Impressionen aus dem Bus.

27 09 2011

Heute im Bus saßen mir gegenüber zwei 7. oder 8. Klässler und haben über die ‚Opfer‘ aus ihrer Klasse geredet…
‚Ey. Letzte Woche sollte wir in Deutsch Personen beschreiben und der Paul sollte seine Traumfrau beschreiben. Der Lehrer so; Paul, wie sieht deine Traumfrau aus? Und ich dann, Ach, Herr Soundso, der kriegt doch eh keine ab! Und der Lehrer lacht sich voll ab und meint nur; könnte passieren. Und nachmittags schreibt der Paul mich an und meint nur; Du hasst mich, oder? Ja, klar hasse ich den, der ist so ein Opfer… Den kann man ja nur hassen. Ich mein ich bin erst drei Wochen in der Klasse, aber sogar ich hab mehr Freunde als der! Der würde voll gut zu der Anna passen, die ist ja auch so ein Opfer!‘

Zwanzig Minuten dauert die Busfahrt.
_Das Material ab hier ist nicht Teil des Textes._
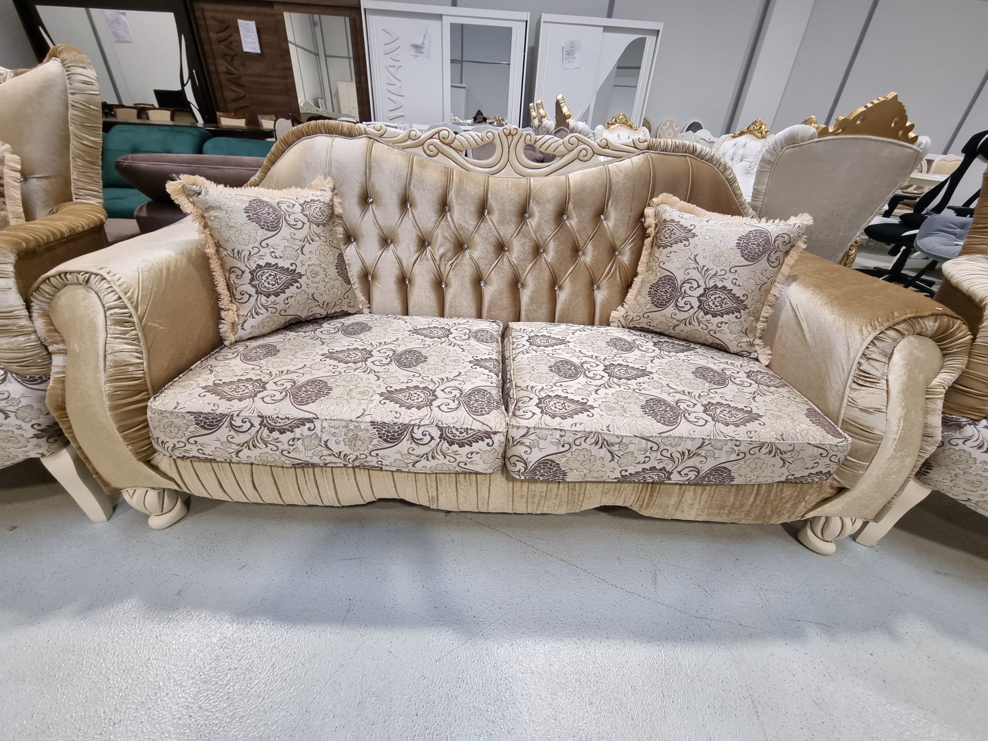 Transport Gratuit in orice Localitate Telefon 0748995511 Canapea fixa 3 locuri Dimensiune lungime 215 cm adancime 90 inaltime 100 cm Modelul de pe materialul catifea de calitate superioară din care este realizata canapeaua se regăsește și pe pernele decorative care reflectă o imagine de mare impact. Structura rezistentă îi este asigurată din materialele folosite, lemn…
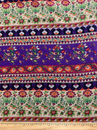 Purple Multi Floral Stripe Print Rayon Challis Fabric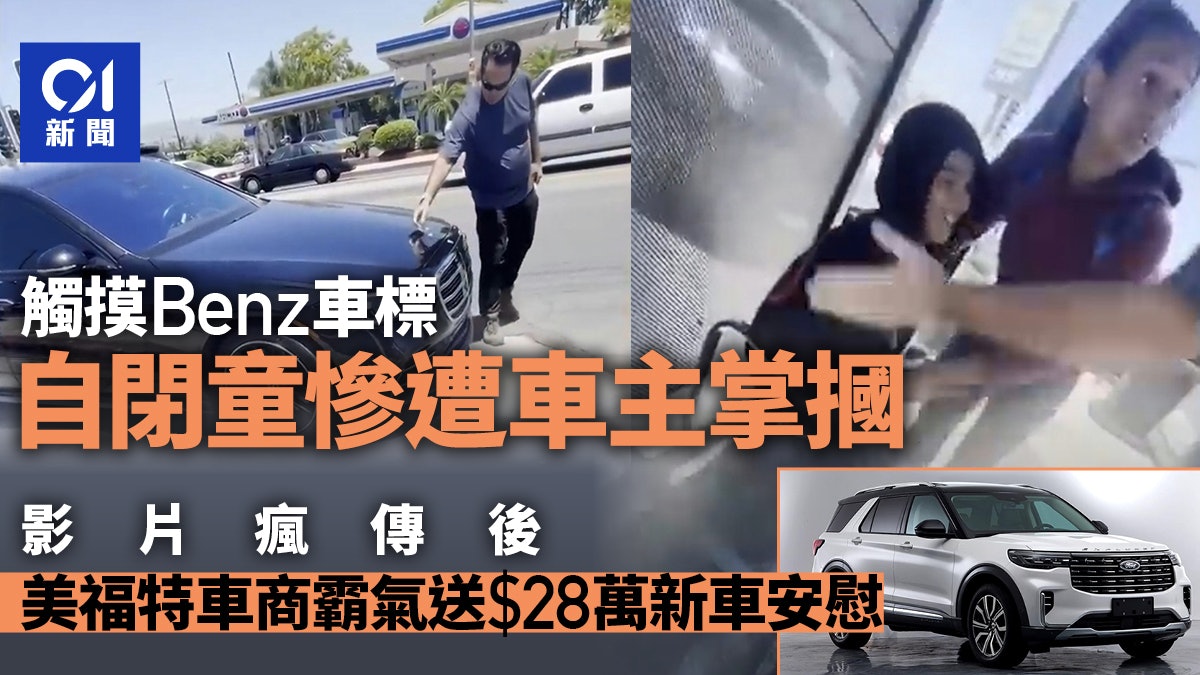 9 i% e) |* W6 r; w+ W* U7 @' E公仔箱論壇加州一名自閉症男童觸摸平治(Mercedes-Benz,另譯賓士)車的車標,沒想到車主下車後竟怒搧男童巴掌。tvb now,tvbnow,bttvb' _) q! }( c% P1 ]0 K7 B W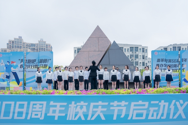 儀式上,校合唱團的學生們演唱《湖州師范學院校歌》《生日快樂》,共同祝福湖師生日。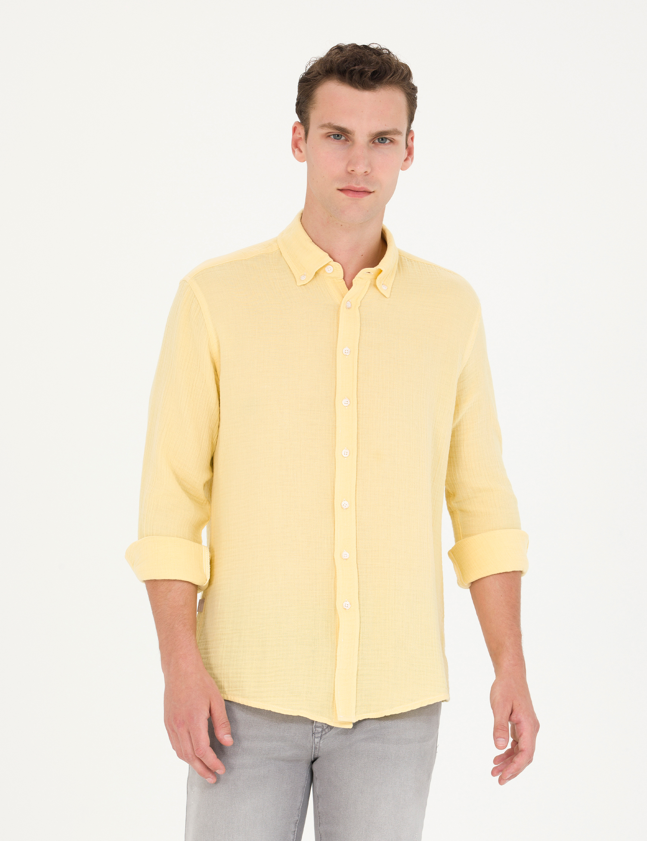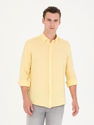 - Sarı Regular Fit Uzun Kollu Gömlek
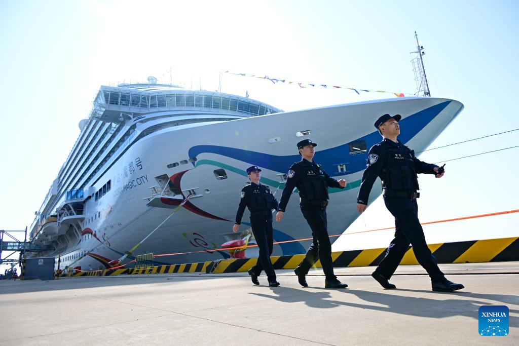 Beamte der Einwanderungsbehörde gehen am International Cruise Terminal in Qingdao an der Adora Magic City vorbei. (Foto vom 6. April 2025, Xinhua/Li Ziheng)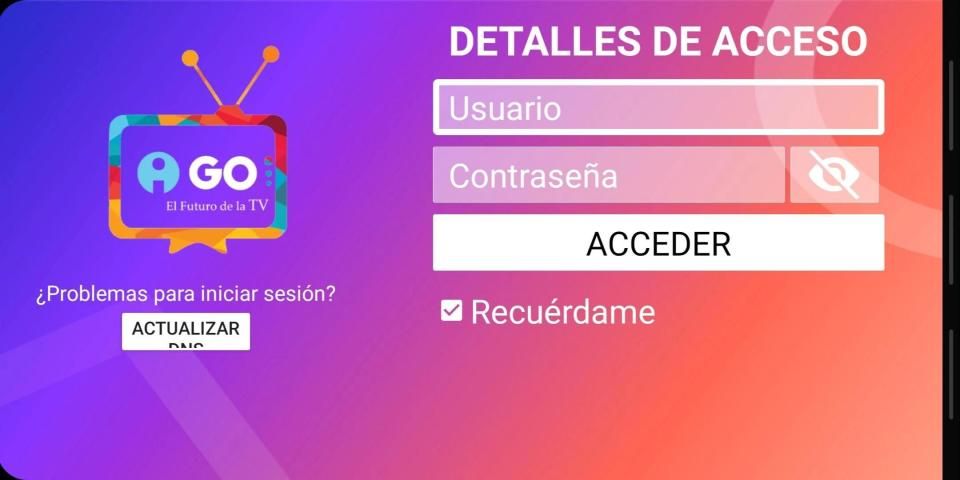 La aplicación no contiene canales. Para obtener usuario y contraseña ingresar a nuestra pagina web para adquirir tu servicio.
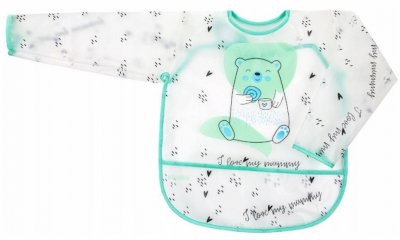 AKUKU Bryndáček, zástěrka nepromakavý s kapsičkou a dl. rukávem Medvěd - zelený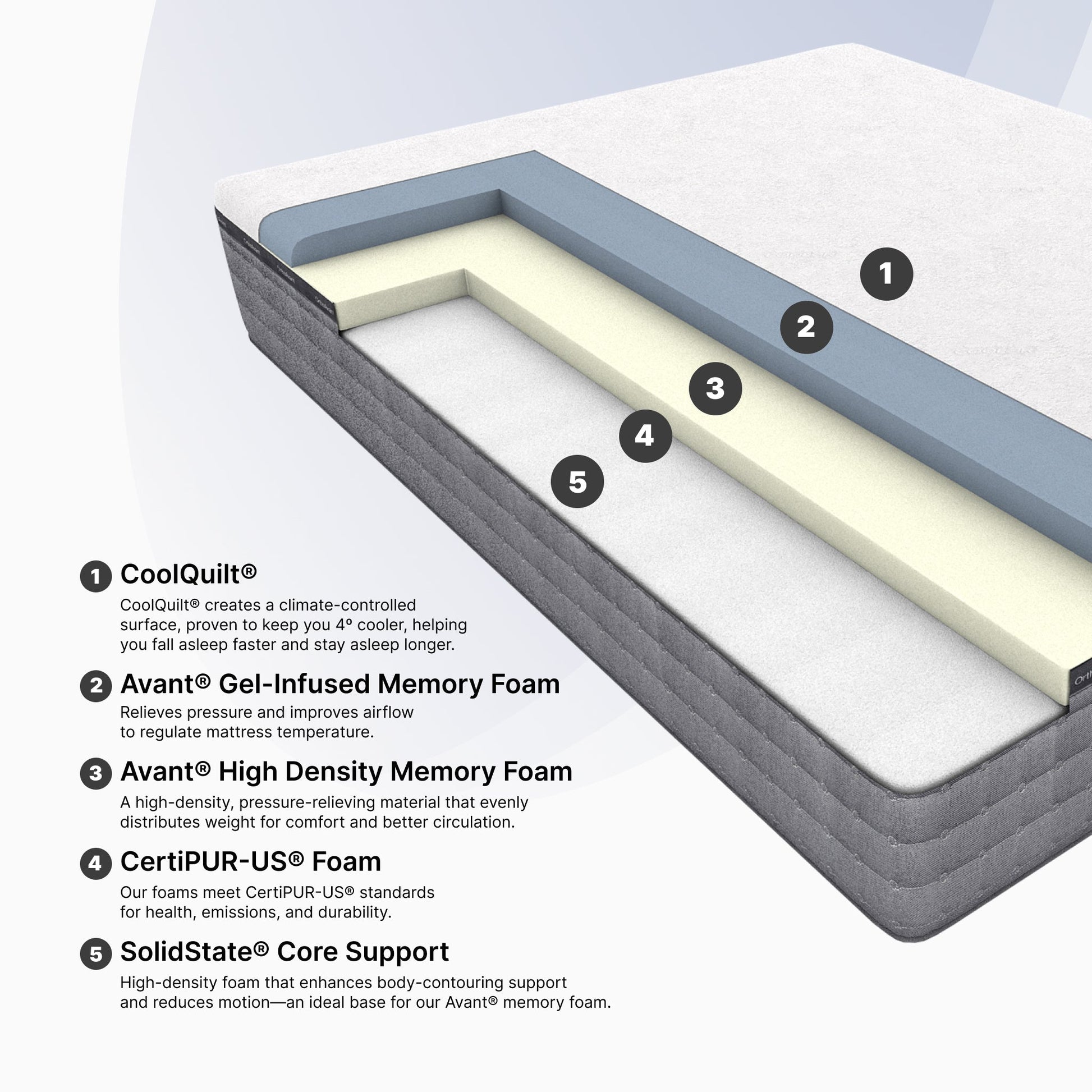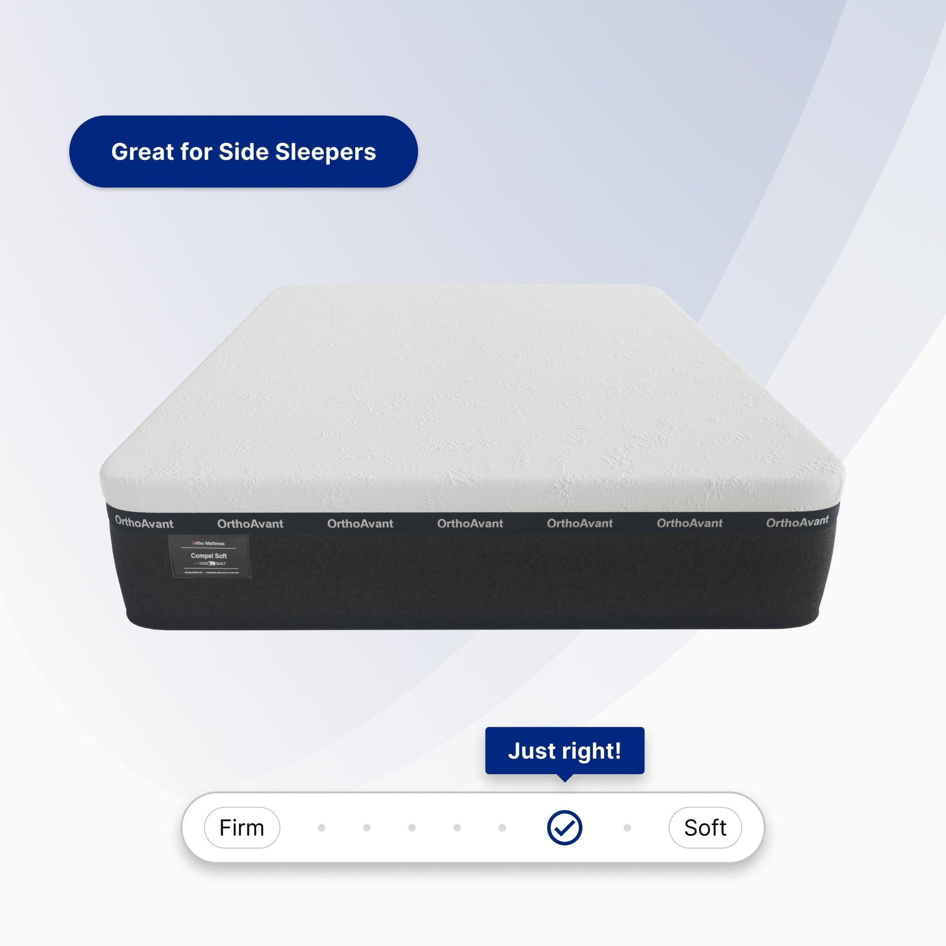 The Compel Soft is the ultimate soft and cooling mattress. This cloud like feel allows you to experience both support and pressure relief simultaneously. Features include Ortho's Avant® Modern Memory Foam and our CoolQuilt®, which keeps the mattress 4° cooler.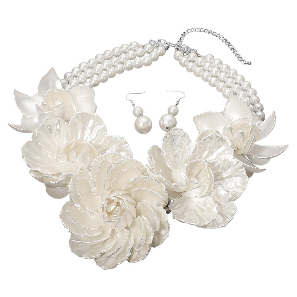 Bold Pearly Petal Floral Link Triple Pearl Strand Statement Necklace
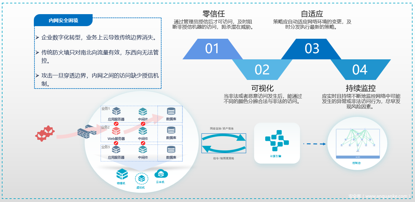微隔离:企业数字化转型,业务上云导致传统边界消失。而传统防火墙只对南北向流量有效,东西向无法管控。攻击一旦穿透边界,内网之间的访问缺少授信机制。微隔离架构能够对东西向流量提供防护,契合行业发展需求。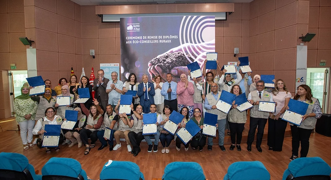 La formation de cette première cohorte d’éco-conseillers, fruit de dix sessions intensives, s’inscrit dans le cadre du projet BioTED. Financé par un accord de conversion de créances entre les gouvernements tunisien et belge, et soutenu par Wallonie-Bruxelles International, ce projet ambitieux est mis en œuvre par la Direction Générale de l’Agriculture Biologique (DGAB) du Ministère de l’Agriculture, des Ressources Hydrauliques et de la Pêche. Le Consortium Belge (Institut Eco-conseil, CANOPEA, et Accueil Champêtre Wallonie) a apporté son expertise technique, essentielle à la réussite de cette initiative. L’événement a d’ailleurs été rehaussé par la présence de personnalités de haut rang, dont Hamadi Habaieb, Secrétaire d’État chargé des Ressources Hydrauliques, ainsi que M. François Dumont, l’ambassadeur du Royaume de Belgique en Tunisie, et Mme Rajae Essefiani, Déléguée Générale de Wallonie-Bruxelles à Tunis, soulignant l’importance de cette coopération internationale.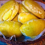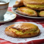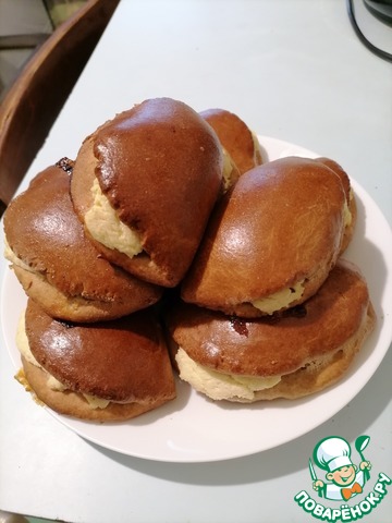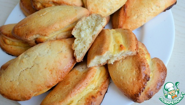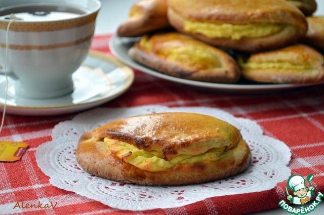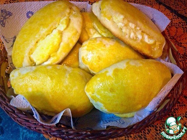 Рукой из кружка формируем овальную лепешечку, слишком тонко не делайте, на нижний край начинку, накрыть верхним краем и на противень. Смазать яичком.

Zwanzig Minuten waren die ‚Opfer‘, wie diese beiden Kinder sie so nett betitelten Thema.
Zwanzig Minuten habe ich damit gerungen, etwas zu sagen.
Was ihr dort oben lest ist noch relativ harmlos im Vergleich zu dem, was noch fiel über Anna und Paul, die eigentlich ganz anders heißen, die ich aber nicht kenne…
Bin ich als einzige so empfindlich?!





Gefallenes Mädchen.

22 09 2011

Ich möchte euch meinen Unmut kundtun. Ich möchte etwas jammern. Am liebsten würde ich auch ein wenig weinen.
Wisst ihr, nach Jahren, die ich nach diesen Stiefeln suche, die schönen, leicht eleganten Westernstiefel, die ich schon als kleines Mädchen immer haben wollte, – eigentlich in braun, die es dann aber nur noch in schwarz gab, das war egal, ich hab sie gekauft und vergöttert.
Vor drei Wochen habe ich sie gekauft (bekommen. Papa ließ sich gut um den Finger wickeln…) und bin aus dem Laden geschwebt. Habe sie im Haus angehabt und bewundert. Gepflegt und hach. Überhaupt. Ihr wisst schon. Man wollte etwas schon sooo lange haben und dann hat man es.
Ich hab sie getragen, ein zwei mal. Und es war eigentlich noch zu warm dafür… Egal, getragen, mit Stil und Anstand und mit Liebe zu diesen Stiefeln.
Ich habe absolut keinen Schuhtick. Ich besitze kaum Schuhe. Aber diese Stiefel… hach.
Jedenfalls. Sie waren toll. Waren.

Es ist Montag, ich stehe auf. Neben mir liegt mein lieber Mensch. Warm, duftend und kuschelig. Und er hat Urlaub, darf ausschlafen. Ich fluche innerlich, stehe aber schließlich leise auf, Frühstücke, bin im Bad, ziehe mich im Zimmer im dunklen an. Ein schönes, schwarzes Kleid, was ich schon ewig habe, aus einem Mangel an Schuhen dazu allerdings nur sehr selten trug. Eine neue Strumpfhose, Wolle, schwarz, aber nicht zu dick. Ich brassel im Flur in meinen Haaren rum, bin zufrieden. Wimperntusche, ein winzig-bisschen Kajal, – ich steh ja nicht so auf Farbe im Gesicht. Tasche über die Schulter, Jacke und Schal, es ist morgens noch frisch. Und auf in die Schuhe. Klack, Musik in die Ohren, leise. Ich höre die Welt und Death Cab for Cutie sind der Soundtrack, – im dezenten Hintergrund des Lebens.
Der Bus kommt, ich bin pünktlich dran. Packe im Bus mein Häkelzeug aus. Höre um mich herum gemurmel, spüre merkwürdige Blicke. Muss man grauhaarig und alt sein um Haus- und Handarbeiten zu mögen und sich damit in der Öffentlichkeit zu beschäftigen? Es wird voller und voller und lauter, viel zu laut im Bus. Ich häkele. Kinder schreien, schubsen, stolpern, catchen sich. Alternde Menschen schimpfen, der Busfahrer hat offenbar keinen Führerschein. Es ist Montag morgen, ich muss zur Schule. Die Luft im Bus ist stickig.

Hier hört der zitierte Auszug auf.